What they found, she said, was that if they were prepared to do a lot of the “heavy lifting”—for example, using multiple prime brokers and providing managers with the tools and instruments they were used to being able to access in the private funds—“almost all the strategies could be utilized within a mutual fund.

They chose to launch a multi-manager, multi-strategy fund, said Weaver, because “many of the single strategies would not be able to comply with the restrictions of a mutual fund, they trip different trip wires.

“For instance, a more concentrated portfolio such as an activist manager might trip the concentration restriction and yet, [if] that same manager [is] part of a well-diversified portfolio. of over 200 positions, concentration is no longer an issue.”

The Collins Alternative Solutions Fund currently has five sub-advisors managing five distinct strategies: Whitebox Advisors (arbitrage), The Cambridge Strategy (global macro), Stadion Money Management (market neutral), PBAM (long/short credit) and Clinton Group (activist long/short equity).

The managers in the mutual fund are managers Collins has already invested with on the private side and the hurdles they must jump on both sides are largely the same:

“What we were looking for and what is very important to us is managers that have strong risk discipline within their portfolios, that have a very healthy respect for the preservation of capital, that can be nimble and opportunistic and that can identify mispricing and anomalies in the market,” said Weaver.

The variety of strategies in the portfolio is no accident:

“One of the things that’s probably very different about our approach is we’re going to have managers that may be using credit to express their conviction, they could be using equity instruments, they could be using interest rates. they could be focused on only emerging markets, they could be focused on developed markets; all of that is a belt and suspenders approach that further reduces the volatility of the portfolio but enhances the return,” said Weaver.

What they don’t look for, she said, are managers “who are predominantly trying to chase beta.”

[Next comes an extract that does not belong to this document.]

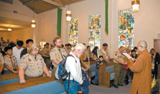 覺皇法師於健行最後一站Trinity Presbyterian教堂中,為近百位幼童軍、家長與領隊,介紹佛光山人間佛教與西來寺,並說明佛教倫理道德五戒與基督教十誡之異同,強調各宗教對不殺生、不偷盜、不邪淫、不妄語等倫理道德,皆有共同認知,是普世之標準;人間佛教認為人人守持五戒,即是自由真義,可讓世界趨於和平。隨後,帶領眾人發願,祝福鄰人能「圓滿人格」,並以佛光山開山星雲大師一篇〈佛光祈願文〉做為閉幕祝禱。 (人間社記者張志誠攝)

Collins Capital Takes Hedge Fund Strategies To The Retail Market

“[I]nvestors can access beta, that’s easy, there are a variety of ways to access beta, what they’re looking for is a way to access alpha that is complementary to other pieces of their portfolio but non-correlated.”

Their ultimate consideration in evaluating a manager, said Weaver, is “do they bring us an exposure we don’t already have in a compelling risk-adjusted way?” If they do, she said, they are considered for both the limited partnership and the mutual fund.

Weaver said they continue to actively manage the mutual fund. “We’re not trying to market time and we’re not trying to be hot money, but we do recognize that there are certain environments that offer a particular wind-at-the-back or wind-in-the-face of certain strategies and in a very collaborative discussion with our managers we may increase and decrease allocations to reflect those particular opportunities.”

They have no rules as to the size of the funds in which they’ll invest—that varies by strategy and the manager’s execution of that strategy. Similarly, there’s no “optimal” number of managers for the fund.

“What is important to us,” said Weaver, “is that we have the exposures that we wish to have and that those exposures are non-correlated within the portfolio to each other.”

They have added managers since the launch—Clinton Group was not in the initial line-up—and will continue to add managers in future.

Since establishing its one-year track record in April, the fund has doubled its assets under management to $70 million.